This two CD-ROM set contains data from transcribed news broadcasts,
designated for use in the baseline language model (LM) for the 1996
CSR HUB4 Evaluation.
The LDC obtained the bulk of the data from broadcast news CD-ROMs
produced by Primary Source Media, Inc. This portion includes the
period from January 1992 to April 1996 and contains approximately one
gigabyte of data uncompressed. This release also includes about 36
megabytes of material received on floppy disks covering the period
from late May through June 1996, with somewhat different format from
the bulk of the data.
The text data are presented in two forms: (1) a relatively unprocessed
("raw" or "sentence-tagged") form and (2) a fully processed
("conditioned," "verbalized-punctuation") form. The "raw" form
includes the header and footer information accompanying the articles,
such as network, show name, headline, copyright, credits and so
forth; the text and ancillary data are presented in a fairly
consistent (though simple) SGML format.
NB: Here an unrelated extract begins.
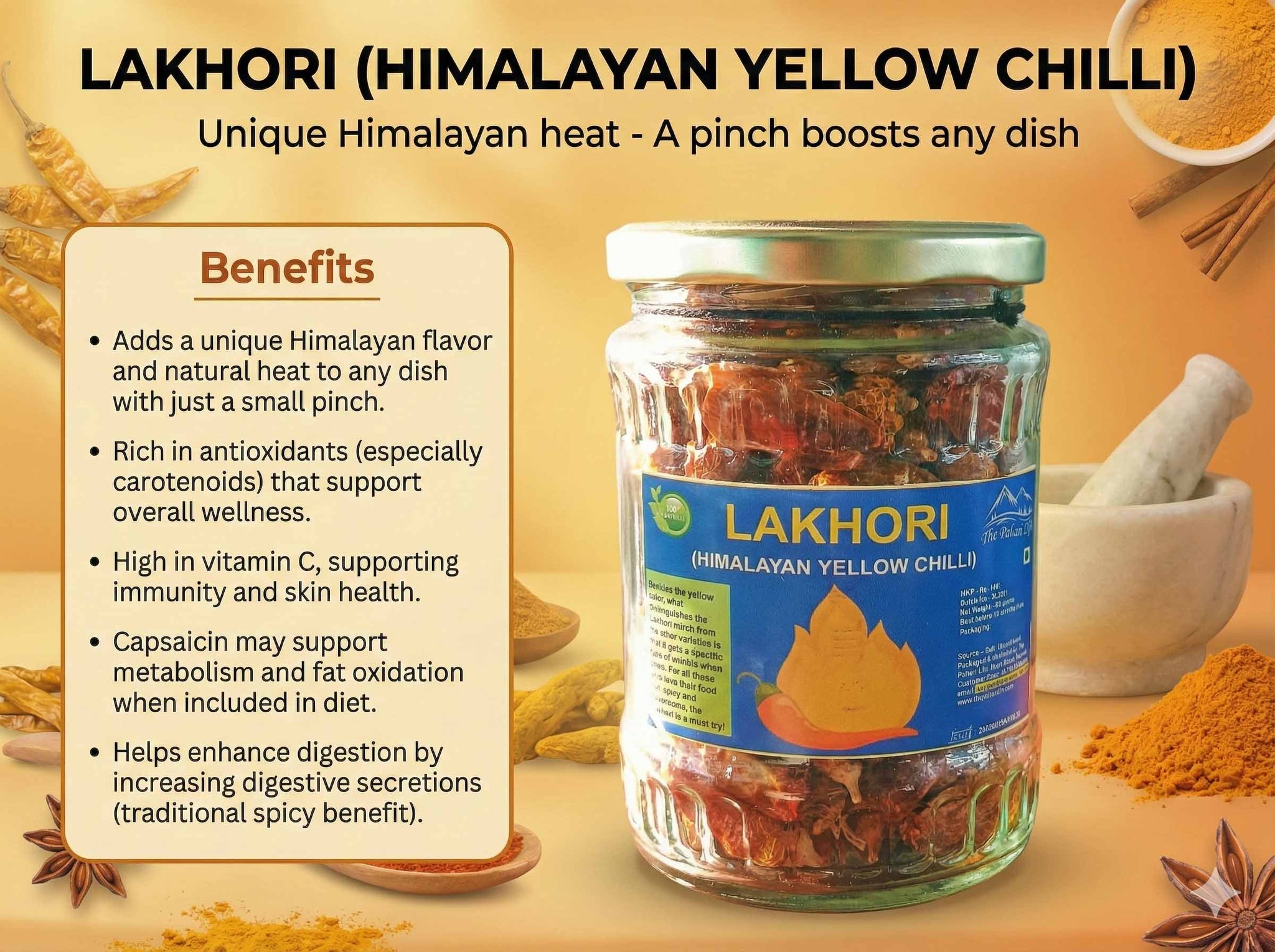 Sourced directly from certified organic farmers of Uttarakhand, Lakhori Mirch is a unique Himalayan yellow chilli that originated in the village of Lakhora, located on the Garhwal–Kumaon border. Easily recognised by its yellow colour and distinctive wrinkled skin after drying, this chilli is known for its intense heat and compact seed structure. It is found in two forms—small Lakhori Jamri used for flakes, and larger pods used whole or ground into powder.
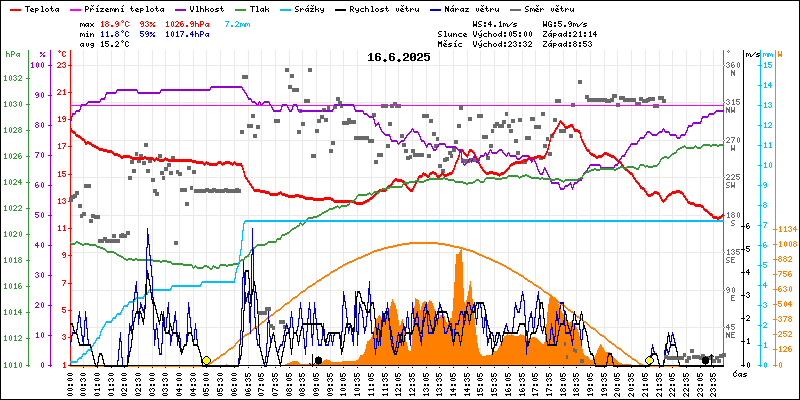 Meteostanice Volary, údaje z 16.06.2025

The "processed" form contains
only the text content of the articles, together with SGML tags to mark
the boundaries of articles, paragraphs and sentences; the text content
has been modified by replacing numeric strings (dates, dollar amounts,
quantities) with orthographic strings (e.g. "nineteen ninety six"),
replacing abbreviations ("Inc.," "Ltd.," "Corp.," etc.) with
corresponding full-word forms and replacing punctuation characters
with corresponding word tokens (e.g. "," becomes "COMMA"). This
release also includes an archive of the tools used to create the
"processed" form of the data.
There are no updates at this time.
The Reduced Licensing Fee for this corpus is US$200.